= Rice grain calcification =

Calcification pattern in cysticercosis

Rice grain calcification is a distinctive radiological finding characterized by the presence of small, elongated, or oval calcific foci resembling grains of rice. This pattern of calcification is typically observed in soft tissues and is associated with certain infectious or inflammatory conditions. It is most commonly linked to cysticercosis, a parasitic infection caused by the larval form of Taenia solium.
==Pathophysiology==
In cysticercosis, the calcifications represent the remnants of degenerated larvae of Taenia solium. When the larvae die, they become calcified over time, forming the characteristic rice grain-like appearance.
==Imaging features==
- Plain Radiography: Appears as multiple, small, oval or linear calcific densities within the soft tissues, commonly seen in muscle groups such as the thighs, arms, or chest wall.

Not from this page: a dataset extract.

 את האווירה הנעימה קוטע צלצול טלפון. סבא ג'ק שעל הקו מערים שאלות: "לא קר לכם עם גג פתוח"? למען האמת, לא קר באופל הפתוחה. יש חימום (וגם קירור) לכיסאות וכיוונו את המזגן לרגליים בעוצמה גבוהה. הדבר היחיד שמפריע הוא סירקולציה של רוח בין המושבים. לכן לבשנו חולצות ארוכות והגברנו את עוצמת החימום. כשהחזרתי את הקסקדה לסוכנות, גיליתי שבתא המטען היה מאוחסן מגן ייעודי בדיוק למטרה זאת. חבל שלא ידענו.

- Computed Tomography (CT): Provides greater detail regarding the location, shape, and extent of calcifications. Calcifications may appear dispersed throughout affected muscle groups or in specific regions.
- Ultrasound: Hyper-echoic foci with posterior acoustic shadowing may be seen, representing calcified cysticerci.
- Magnetic Resonance Imaging (MRI): Less useful for identifying calcifications directly but may show the residual inflammatory changes in adjacent tissues.